EXERCISE MATERIALS
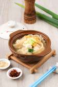 Tteokguk, koreańska zupa ryżowa w plasterkach, owalne ciasto ryżowe ugotowane w bulionie. Tradycyjne księżycowe danie noworoczne. Clear Beef bulion jest najczęściej używane
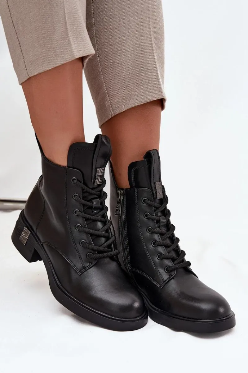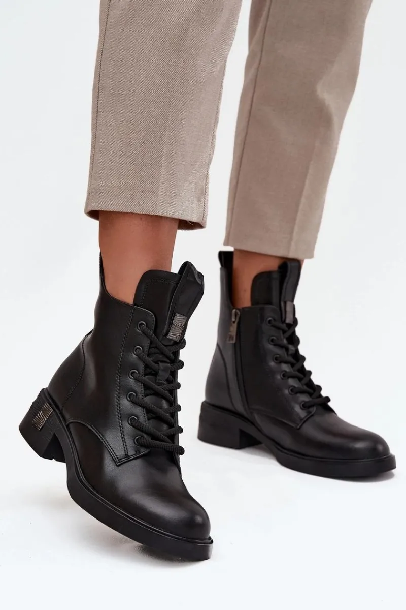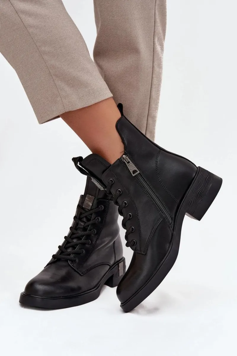 Botki damskie marki Vinceza to wygodna i praktyczna propozycja na chłodniejsze dni. Wykonane z naturalnej skóry, prezentują wysoką jakość i klasyczny styl. Model sznurowany z dodatkowym zapięciem na zamek zapewnia dobre dopasowanie do stopy oraz wygodę zakładania. Osadzone na niskim obcasie gwarantują komfort noszenia na co dzień, a zaokrąglone noski nadają im ponadczasowego charakteru. Wnętrze zostało ocieplone, dzięki czemu buty doskonale sprawdzą się w sezonie jesienno-zimowym. Przy wyborze rozmiaru prosimy sugerować się tabelą rozmiarów.
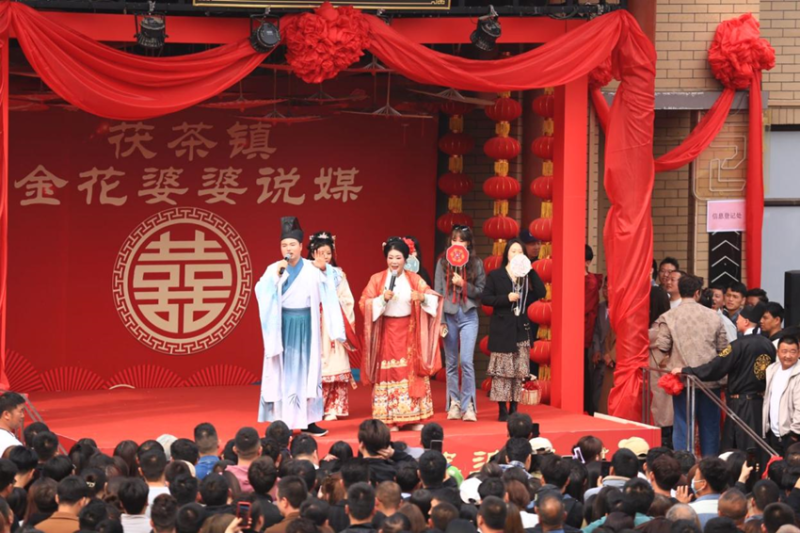 4月21日,泾河新城茯茶镇“金花婆婆说媒”迎来了活动举办以来的第100对牵手成功的青年。在茯茶镇金茯城的舞台上,红色帷幔喜气夺目,每天都有数十对单身的男女青年,登上舞台,勇敢表达;舞台下更是人山人海,氛围火热。
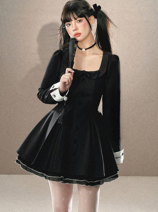 ポロカラーケープ+ウエストデザインワンピース【予約商品】
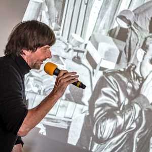 Wir freuten uns sehr, Matthias Steinbach wieder für einen äußerst unterhaltsamen Bildvortrag gewinnen zu können: „Berlin. Stadt der Glücksritter – oder vielleicht Europas größte offene Psychiatrie?“ Steinbach führte uns durch sein Berlin der vergangenen 30 Jahre. Veränderte Rechtslagen, stark geschütztes Persönlichkeitsrecht, mehr Argwohn der Mitbürger, offene Aggression machen die klassische Straßenfotografie schwieriger als je zuvor. Gemäß dem Credo von Bruce Gilden, Magnum Photos: „Ein gutes Street Foto riecht nach Straße.“ Bewahren, nicht verurteilen oder beurteilen. „Bildzeugnis für den Menschen“ ist dringlichster Aufruf der Straßenfotografie und zugleich die Grundlage von Steinbachs Arbeit.
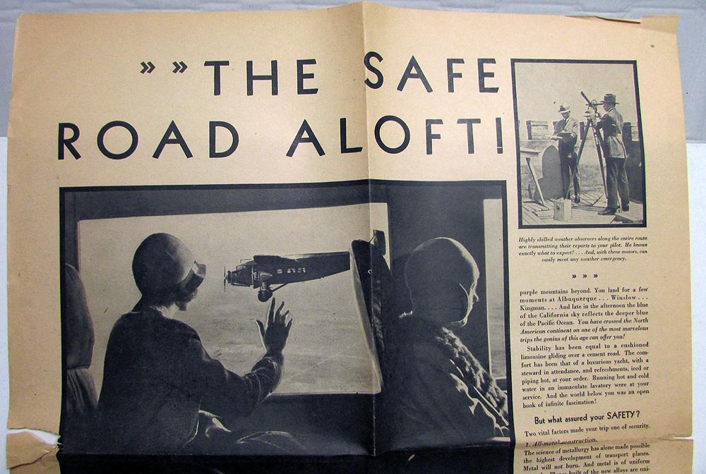 Original 1929 Ford Motor Company Ad Proof. This large Ad Proof would have been sent to Ford by the Magazines or Newspapers that ran this Ad. This Ad highlighted the new Air Passenger Plane Service called Transcontinental Air Transport. This Air-Rail Service featured Ford Tri-Motor Planes. It measures 17" X 21" and is on fragile newspaper style paper. It has moderate wear, blemishing and some discoloration from aging [see photos]. It has some tearing in places and creasing from being folded in half and then once again. Rare and desirable piece will make a cool framed display item.
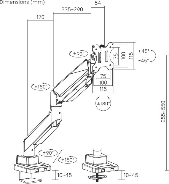 - ОсобенностиНастольный кронштейн для монитора с системой газ-лифт.
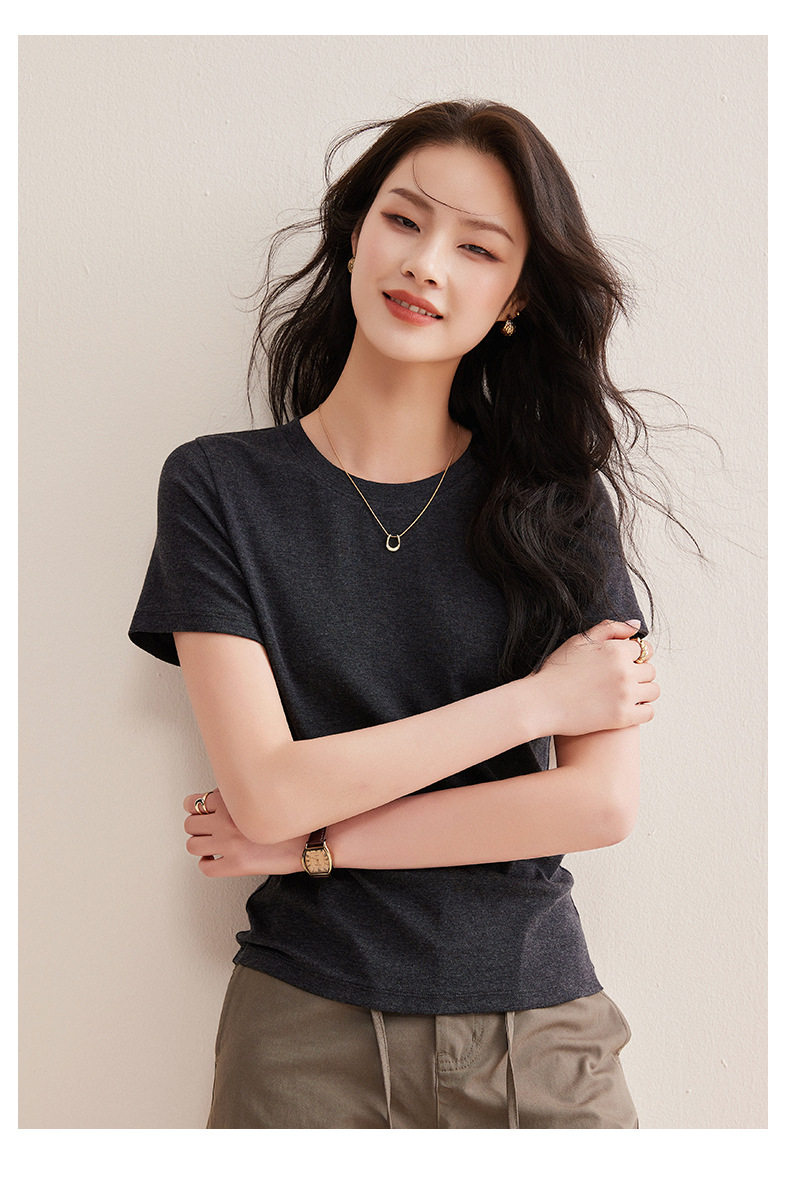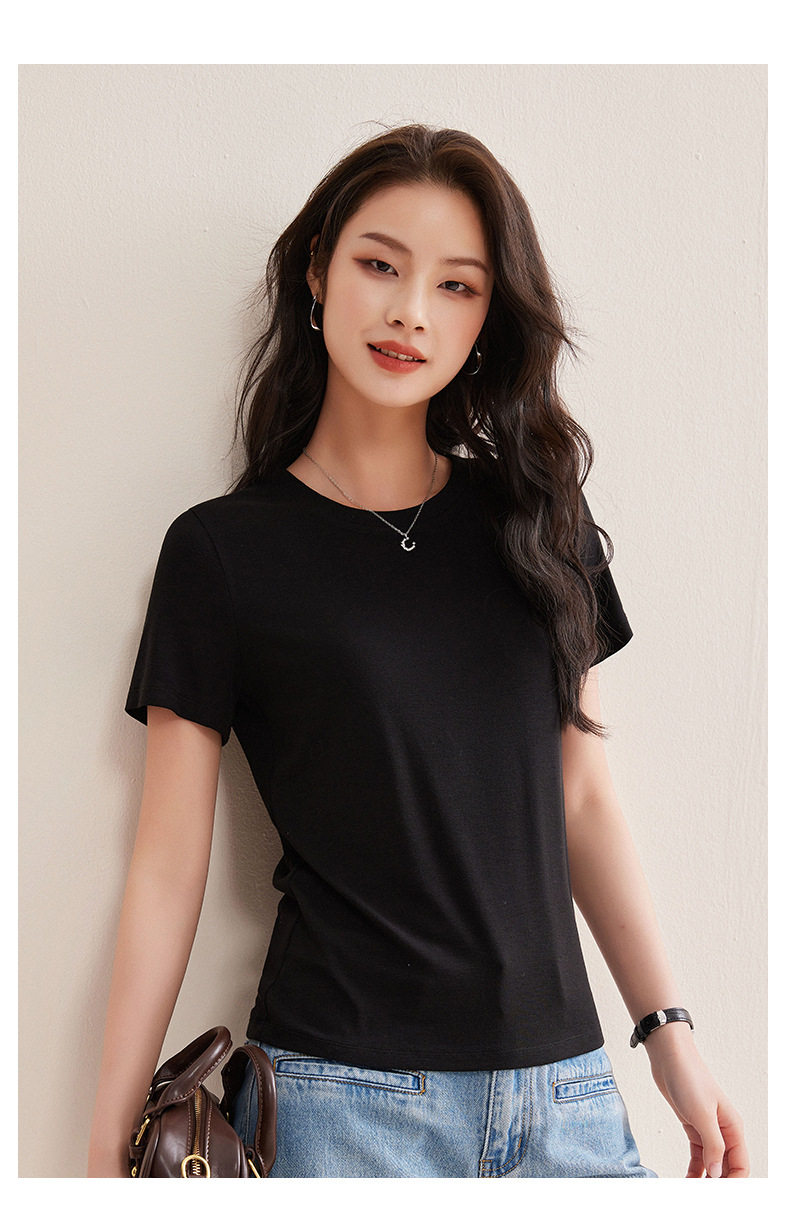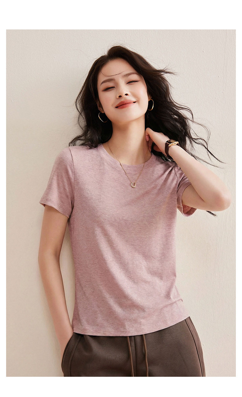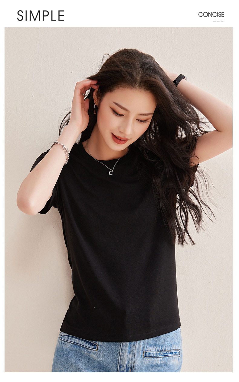 「自j」全新升级【铂金会员128/天猫169/差价41】(00631)洛诗琳气质圆领天丝面膜T恤2026春夏新款正肩显瘦短袖上衣
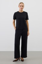 Широкие укороченные брюки из мягкого эластичного футера создают непринужденный образ. Высокий пояс с имитацией застежки и защипы придают брюкам расслабленный стиль. Подарите себе комфорт и свободу с нашим качеством.
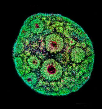 Image: Human cortical brain organoids at 50 days of differentiation displaying the typical rosette-like structures characteristic of the developing human brain. Credits: Aurelio Ortale, Oliviero Leonardi (Testa Group, HT).
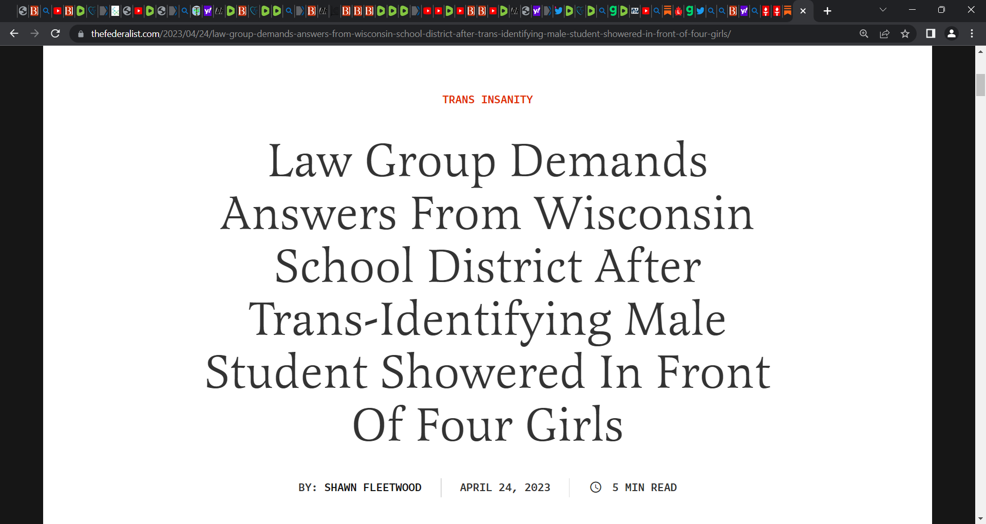 Law Group Demands Answers From Wisconsin School District After Trans-Identifying Male Student Showered In Front Of Four Girls.
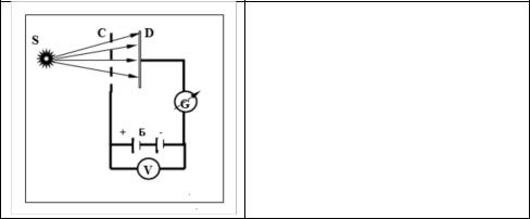 При освещении отрицательно заряженной пластины D светом от источника S в цепи возникал электрический ток, названный фототоком. Сила фототока была пропорциональна освещенности пластины D. Освещение положительно заряженной обкладки С не приводило к возникновению фототока. Тем самым было экспериментально доказано, что под действием света металл теряет отрицательно заряженные частицы. Измерение удельного заряда этих частиц по их отклонению в магнитном поле показало, что это – электроны.

WHAT THE EXERCISE ASKS
Return the lines above exactly; the images are not part of the copy.

ANSWER SPACE
 Tteokguk, koreańska zupa ryżowa w plasterkach, owalne ciasto ryżowe ugotowane w bulionie. Tradycyjne księżycowe danie noworoczne. Clear Beef bulion jest najczęściej używane
 Botki damskie marki Vinceza to wygodna i praktyczna propozycja na chłodniejsze dni. Wykonane z naturalnej skóry, prezentują wysoką jakość i klasyczny styl. Model sznurowany z dodatkowym zapięciem na zamek zapewnia dobre dopasowanie do stopy oraz wygodę zakładania. Osadzone na niskim obcasie gwarantują komfort noszenia na co dzień, a zaokrąglone noski nadają im ponadczasowego charakteru. Wnętrze zostało ocieplone, dzięki czemu buty doskonale sprawdzą się w sezonie jesienno-zimowym. Przy wyborze rozmiaru prosimy sugerować się tabelą rozmiarów.
 4月21日,泾河新城茯茶镇“金花婆婆说媒”迎来了活动举办以来的第100对牵手成功的青年。在茯茶镇金茯城的舞台上,红色帷幔喜气夺目,每天都有数十对单身的男女青年,登上舞台,勇敢表达;舞台下更是人山人海,氛围火热。
 ポロカラーケープ+ウエストデザインワンピース【予約商品】
 Wir freuten uns sehr, Matthias Steinbach wieder für einen äußerst unterhaltsamen Bildvortrag gewinnen zu können: „Berlin. Stadt der Glücksritter – oder vielleicht Europas größte offene Psychiatrie?“ Steinbach führte uns durch sein Berlin der vergangenen 30 Jahre. Veränderte Rechtslagen, stark geschütztes Persönlichkeitsrecht, mehr Argwohn der Mitbürger, offene Aggression machen die klassische Straßenfotografie schwieriger als je zuvor. Gemäß dem Credo von Bruce Gilden, Magnum Photos: „Ein gutes Street Foto riecht nach Straße.“ Bewahren, nicht verurteilen oder beurteilen. „Bildzeugnis für den Menschen“ ist dringlichster Aufruf der Straßenfotografie und zugleich die Grundlage von Steinbachs Arbeit.
 Original 1929 Ford Motor Company Ad Proof. This large Ad Proof would have been sent to Ford by the Magazines or Newspapers that ran this Ad. This Ad highlighted the new Air Passenger Plane Service called Transcontinental Air Transport. This Air-Rail Service featured Ford Tri-Motor Planes. It measures 17" X 21" and is on fragile newspaper style paper. It has moderate wear, blemishing and some discoloration from aging [see photos]. It has some tearing in places and creasing from being folded in half and then once again. Rare and desirable piece will make a cool framed display item.
 - ОсобенностиНастольный кронштейн для монитора с системой газ-лифт.
 「自j」全新升级【铂金会员128/天猫169/差价41】(00631)洛诗琳气质圆领天丝面膜T恤2026春夏新款正肩显瘦短袖上衣
 Широкие укороченные брюки из мягкого эластичного футера создают непринужденный образ. Высокий пояс с имитацией застежки и защипы придают брюкам расслабленный стиль. Подарите себе комфорт и свободу с нашим качеством.
 Image: Human cortical brain organoids at 50 days of differentiation displaying the typical rosette-like structures characteristic of the developing human brain. Credits: Aurelio Ortale, Oliviero Leonardi (Testa Group, HT).
 Law Group Demands Answers From Wisconsin School District After Trans-Identifying Male Student Showered In Front Of Four Girls.
 При освещении отрицательно заряженной пластины D светом от источника S в цепи возникал электрический ток, названный фототоком. Сила фототока была пропорциональна освещенности пластины D. Освещение положительно заряженной обкладки С не приводило к возникновению фототока. Тем самым было экспериментально доказано, что под действием света металл теряет отрицательно заряженные частицы. Измерение удельного заряда этих частиц по их отклонению в магнитном поле показало, что это – электроны.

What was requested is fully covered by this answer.